On the very rare occasion that the system cannot recover within 30 minutes, Mr Moelker or his colleagues drive a minibus to ferry passengers.

The driverless buses in Rotterdam were introduced in 2004 to extend the transport network to the Rivium Business Park from a nearby metro system, and cut down walking time for people working there. Mr Moelker chose to leave his job as bus driver to take on the role of operator, saying he jumped at the chance to try something new.

When autonomous buses and taxis eventually take over the roads, say, in 20 to 30 years' time, those who drive for a living will be displaced. US-based consultant Chunka Mui warned on the Forbes blog that the list of jobs affected will not stop at taxi, Uber, bus and lorry drivers but run to "new car dealers, collision and repair shops, tow truck operators, insurance agents, adjustors, call-centre operators, ambulance drivers".

Experts in Singapore agree that driving jobs will inevitably have to go if autonomous vehicles prove to be safer, more reliable and resource efficient. But new jobs will be created assomeone has to monitor these vehicles, says Dr Marcelo Ang, acting director of the National University of Singapore's Advanced Robotics Centre.

"They can be fleet managers but fewer numbers (of workers) may be required. They will do decision- making for extraordinary situations, such as accidents and unexpected scenarios. They could be like the air traffic controllers at airports," he adds.

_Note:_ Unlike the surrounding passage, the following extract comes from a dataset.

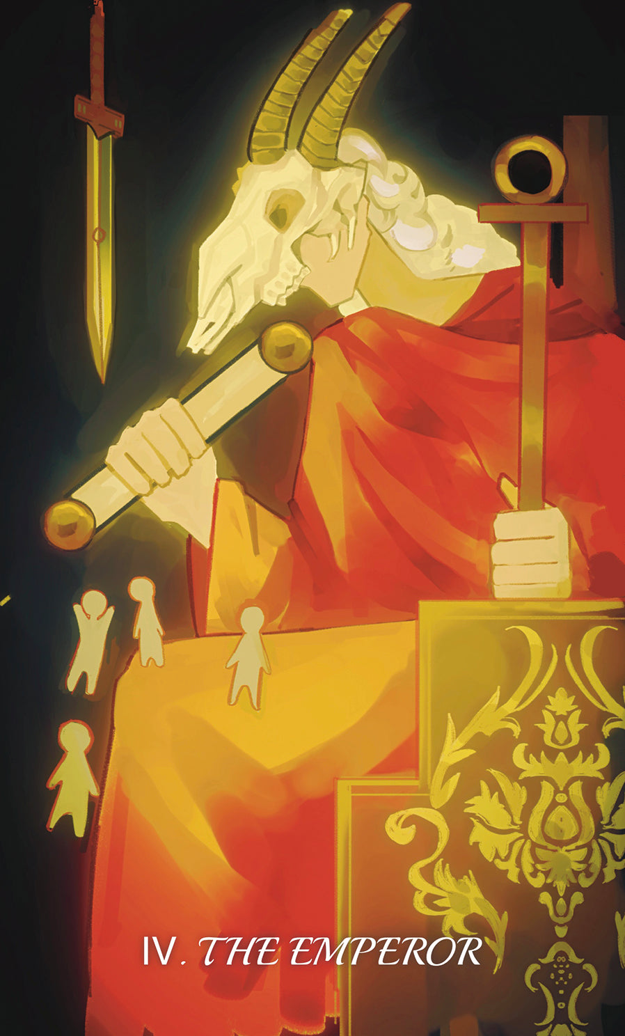 He sits high upon his throne, wearing a goat skull crown symbolizing authority and power. In his left hand he grips a bronze scepter of rulership; in his right, a scroll of engraved law. Leaning forward, a cold and gleaming Sword of Damocles hangs before him, forcing him into a perpetual stance of vigilance and solemn rule. The entire hall is steeped in an austere atmosphere where power and danger coexist.

Mr Robbert Lohmann, vice-president of marketing at 2getthere, the Dutch company behind Rivium's driverless buses, says: "We believe it shifts employment, creating more desk jobs and replacing manual labour...

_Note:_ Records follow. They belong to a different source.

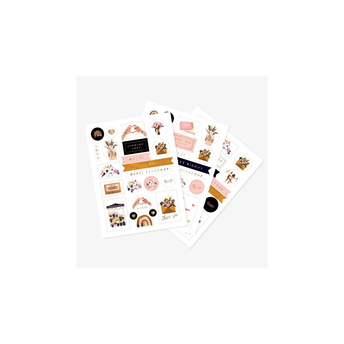 3 planches de stickers sur le thème "Love & Thank you" : élégants, délicats, chaleureux... illustrations ou textes... 3 planches, 66 stickers au total. Dimension d'une planche : 20 x 15 cm.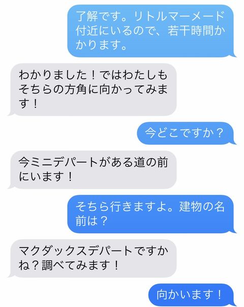 次のクライアントさんとも、待ち合わせのやりとりからです。
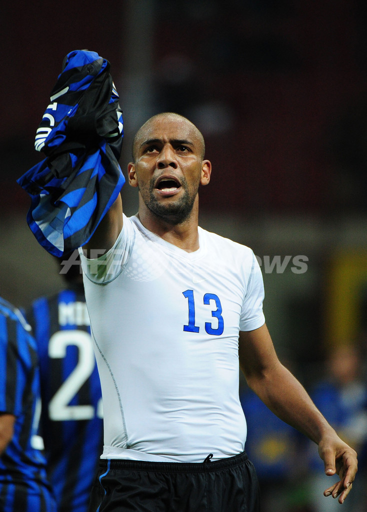 後半42分にチーム4得点目を挙げて観衆の声援に応えるインテルのダグラス・マイコン(Douglas Maicon、2012年5月6日撮影)。(c)AFP/GIUSEPPE CACACE

"It adds to the knowledge economy or, in this case, economic growth. The reliance of Singapore on foreign labour will also become less."

Few locals want to be bus drivers. So operators like SMRT now hire 50 per cent of its bus drivers from countries such as China and Malaysia.

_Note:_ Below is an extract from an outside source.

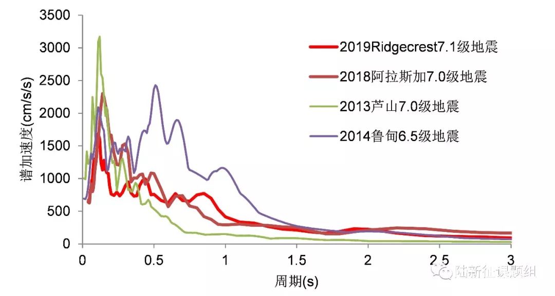 從圖3對(duì)比可以清晰看出,這兩次美國(guó)地震引起的地面運(yùn)動(dòng)反應(yīng)譜實(shí)際上并不是非常強(qiáng)烈,比魯?shù)榈卣疬€差不少。所以,簡(jiǎn)單從震級(jí)來(lái)判斷地面運(yùn)動(dòng)強(qiáng)度進(jìn)而預(yù)估災(zāi)情,是存在巨大的不確定性的。

Last month, 2getthere announced a joint venture with SMRT to form 2getthere Asia, with plans to bring its driverless pods to Singapore and the region.

But does technology take away more jobs than it creates? How severe will the labour pains be for transport workers? Associate Professor Randolph Tan, director of the Centre for Applied Research at SIM University, says technological change creates as many, or even more, jobs than it renders obsolete, as happened when economies shifted from agriculture to industry.

"When it occurs too rapidly, the changes have been extremely disruptive for society. But if you look at the net gains over a period of decades after society has had time to adjust, you would find few people arguing for a return to pre-industrialisation standards in jobs and living," says Prof Tan.

Still, driverless technologies can lead to a rise in structural unemployment, when jobless individuals cannot find work due to a mismatch between their skills and those demanded by employers. "Government policy must prepare workers of the future to acquire the skills to perform complementary tasks," says Singapore Management University Economics Professor Hoon Hian Teck, and that is how SkillsFuture can be "a national effort to build a society more resilient towards disruptive technologies".

Experts also say that the negative impact of driverless cars on jobs has to be weighed against the gains to commuters, including groups who now struggle to access public transport. Mr Mui predicts that driverless taxis - which are set to cost less - will spell "freedom, independence and self-reliance for many seniors and people with disabilities". Driverless cars will also reduce the waste in resources spent hunting for carparking space. "Many of the issues that I raised apply to Singapore, and some perhaps more so because of the ageing population and the urban density," he says in a reply to The Straits Times.

Mr Moelker, the bus driver turned operator, says: "The system is easy to learn. (But) some people may find being a controller stressful. You have to make a lot of decisions at the same time. " Observing that there are few driverless systems in the world, he says "being a controller now is something special".